Many of the drugs that require therapeutic monitoring are taken for a lifetime. They must be maintained at steady concentrations year after year while the person ages and goes through life events that may alter that individual’s therapeutic level, including pregnancies, temporary illnesses, infections, emotional and physical stresses, accidents, and surgeries. Over time, people may acquire other chronic conditions that also require lifetime medication and that may affect the processing of their monitored drugs. Examples of these conditions include cardiovascular disease, kidney disease, thyroid disease, liver disease, and HIV.
Therapeutic drug monitoring follows these changes and accommodates them. It identifies when a person does not take the medication regularly as prescribed (patient noncompliance) and the effect of drug interactions, which may cause drug concentrations that are higher or lower than expected at a given dosage, and helps to personalize a dose to fit the specific needs of a patient. Along with tests such as BUN, creatinine, and liver function tests, therapeutic drug monitoring can help identify decreases in the efficiency of and dysfunctions in the body’s ability to metabolize and eliminate therapeutic drugs. Testing may also determine how a medication interacts with other necessary drugs.
How are these tests used?
Not all drug levels need to be monitored. These tests are used to monitor blood levels of drugs that have a narrow range in which the drug is effective but not toxic. In addition, some drugs require monitoring because the amount of drug given does not correlate well with the amount of drug that may reach the blood. Sometimes, the way that a drug is absorbed and metabolized can vary from person to person, or the physical or health status of a person can affect the drug level in the blood.
Through years of testing, the optimum therapeutic ranges for drugs have been determined. In these ranges, most people will be effectively treated without excessive side effects or symptoms of toxicity. The drug dosage necessary to reach this level must be determined for everyone. When a person starts on a monitored drug (or returns to it after an absence), the health practitioner adjusts the dose upwards and tests blood concentrations frequently until the appropriate steady level is achieved. If someone’s levels are too high, the health practitioner will lower the dosage. Often, each different dosage level will take a short period of time to stabilize, so these corrections up and down may take place over a few days or weeks. It is important that people work closely with their health practitioner during this process and not make their own adjustments or stop taking their medication. Abrupt changes can sometimes worsen conditions and cause acute symptoms.
When are they ordered?
Levels of monitored drugs are often tested frequently when a person is first put on a drug regimen. Once a person’s results are in the therapeutic range and his or her clinical signs indicate that the treatment is appropriate, then the health practitioner may monitor the drug at regular intervals and as needed to accommodate changes in patient status and to ensure that the drug stays in the therapeutic range. The frequency of testing required will depend on the drug and on the needs of the patient. If treatment does not appear to be fully effective, or if the person has either excessive side effects or signs of toxicity, then the health practitioner will order testing aimed at adjusting the drug dosage and maintaining levels within the therapeutic range. Sometimes, the health practitioner may need to re-evaluate the use of a specific medication and consider switching to another type of drug to better fit the person’s condition.

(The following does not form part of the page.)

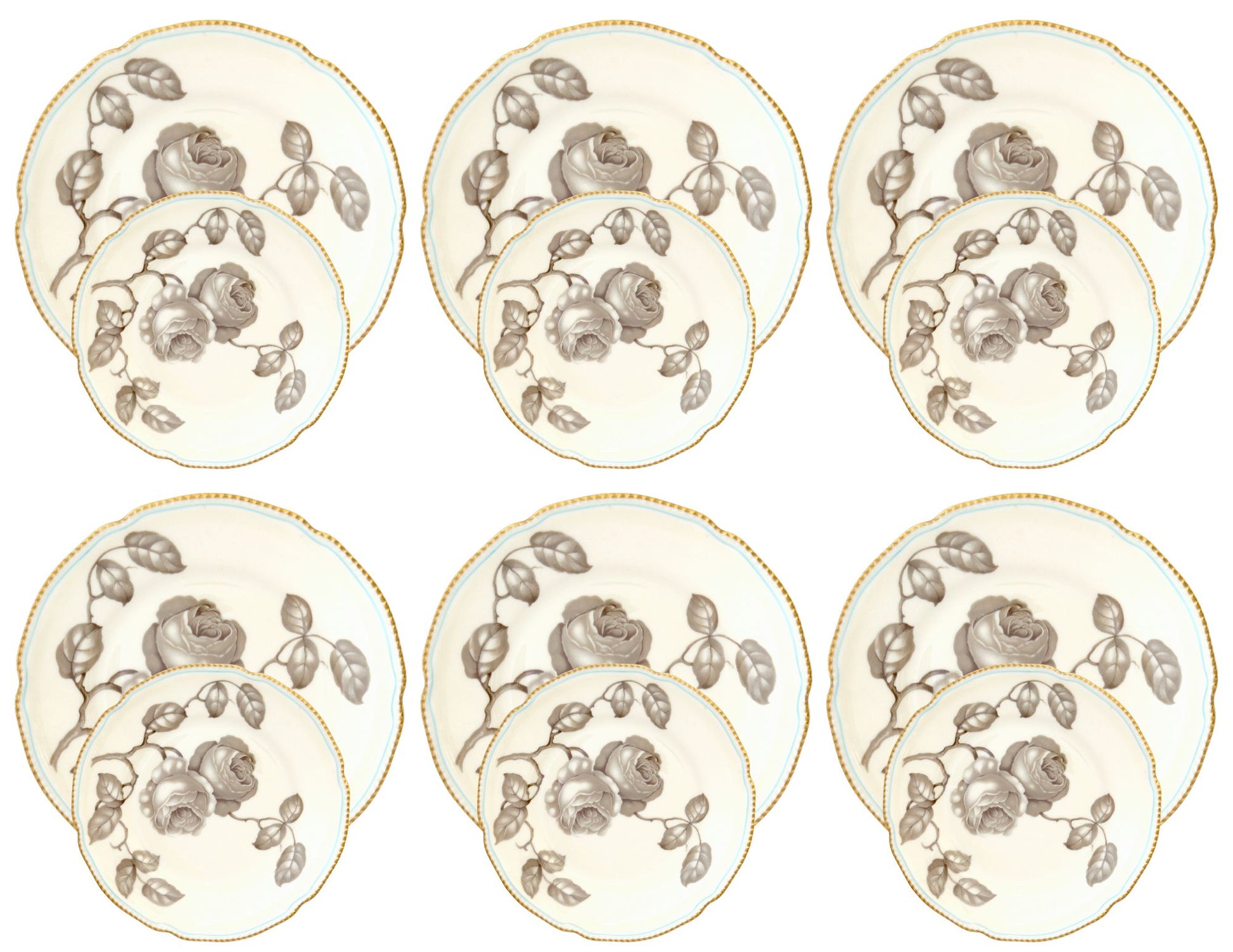 Vintage Rose Pattern Dessert Plates, 12 pcs

The timing of blood collection is an important part of therapeutic drug monitoring. When a person takes a dose of drug, the amount in the blood rises for a period, peaks, and then begins to fall, usually reaching its lowest level, or trough, just before the next dose. To be effective, peak levels should be below toxic concentrations and trough levels should remain in the therapeutic range. Through experience and studies, health practitioners know when to expect peaks and troughs and will request blood sample collections as either trough levels (usually drawn just before the next dose), peak levels (for which timing varies depending on the drug), or sometimes as a randomly timed level. Consistent and accurate interpretation of the results depends on the timing of sample collection. If someone is unable to take his or her medication or have blood drawn at the appropriate time interval, then he or she should talk to their health practitioner before the sample is collected.
How does a healthcare practitioner determine how much drug to give me?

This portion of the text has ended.